'JCBs' bulldozing art of back play into extinction
Paddy O'Brien, the International Rugby Board's referees manager, tells us that for the World Cup, affairs will be conducted by a panel of 10 referees, seven assistant referees and four television match officials.
And, O'Brien tells us: "I am confident that we are getting the approach right by penalising the clear and obvious and being stricter in the areas relating to space on the field."
To be fair, all this came from the referees manager before events percolated in last weekend's Six Nations opening exchanges -- in Rome, Romain Poite failed to penalise "the clear and obvious" to a ludicrous degree, and the day before in Cardiff George Hook, appropriately, referred to England's Johnsonian method of overcoming the Welsh, as employment of "JCBs" and not, as O'Brien was hoping, situations "relating to space on the field".
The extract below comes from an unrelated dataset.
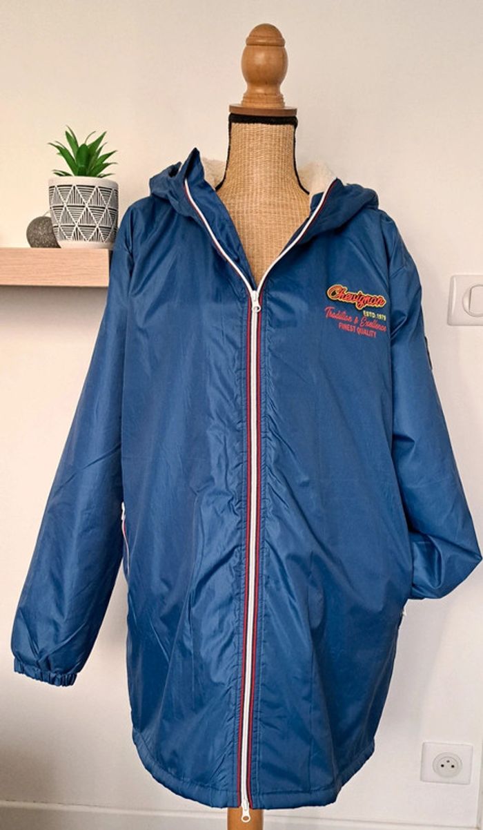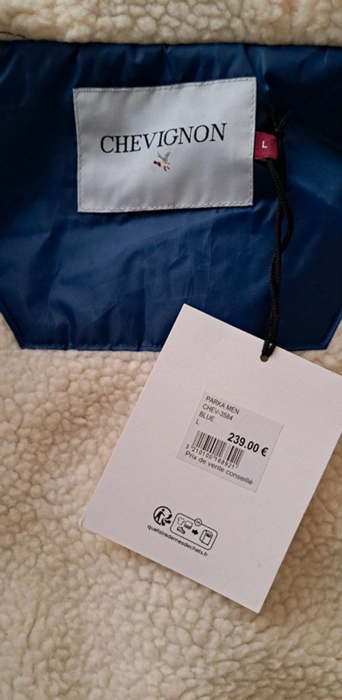 Très beau coupe vent homme Chevignon,rembourré à l'intérieur avec une moumoute, fermeture éclair, 2 poches extérieure et 2 poches intérieur, avec capuche, taille L,neuf sans étiquette (jamais porté) mais traces de plies (voir la dernière photo).

So, all the signs are that the IRB's drive to amend styles of play with the introduction of new laws is a total failure.
So much for accomplished and consistent running and passing in the back divisions. Nowadays, as the evidence of the November Tests and last weekend clearly shows, rugby now is totally dominated by the coaches and the JCBs.
Possession of the ball is now donated at the whims of the JCBs. And the ball is too often useless to midfield backs, even of the quality of a Brian O'Driscoll, because the defences are easily poised.
The tactics now are to keep the ball for short, sharp bursts by fellow JCBs. None of that nonsense about space on the field. The countries in serious preparation for the World Cup have indicated that the emphasis will be to rely on basic strengths up front. Physicality, exclusively, will rule the roost in New Zealand 2011.
The first indications of the current mindset occurred in last season's Heineken Cup when Toulouse and Biarritz, in the semi-finals, blasted Leinster and Munster out of the way like flicking at bothersome flies.
England, I strongly believe, will win the Six Nations by sheer strength. And they will hope to take on the bulk of South Africa and New Zealand in the World Cup in September-October, and they will always have Jonny Wilkinson there to drop a Ronan O'Gara-esque goal.
Remember, England haven't won much in recent years, but they have a rugby-playing population, as IRB figures confirm, almost equal to all the rest of us put together.
Ireland? And the utterly conservative Declan Kidney? It will be another World Cup failure, we simply haven't the forwards.
As for tomorrow at Lansdowne Road, all the bookies are sure the French will win? I'm not totally convinced. As has been pointed out, the French are an erratic and brilliant people, who have all the gifts -- except that of running their rugby team.
And even if they employ a few JCBs, as their scrum revealed against a heavier Scotland, they can also find some glittering chauffeur to steer a superb route.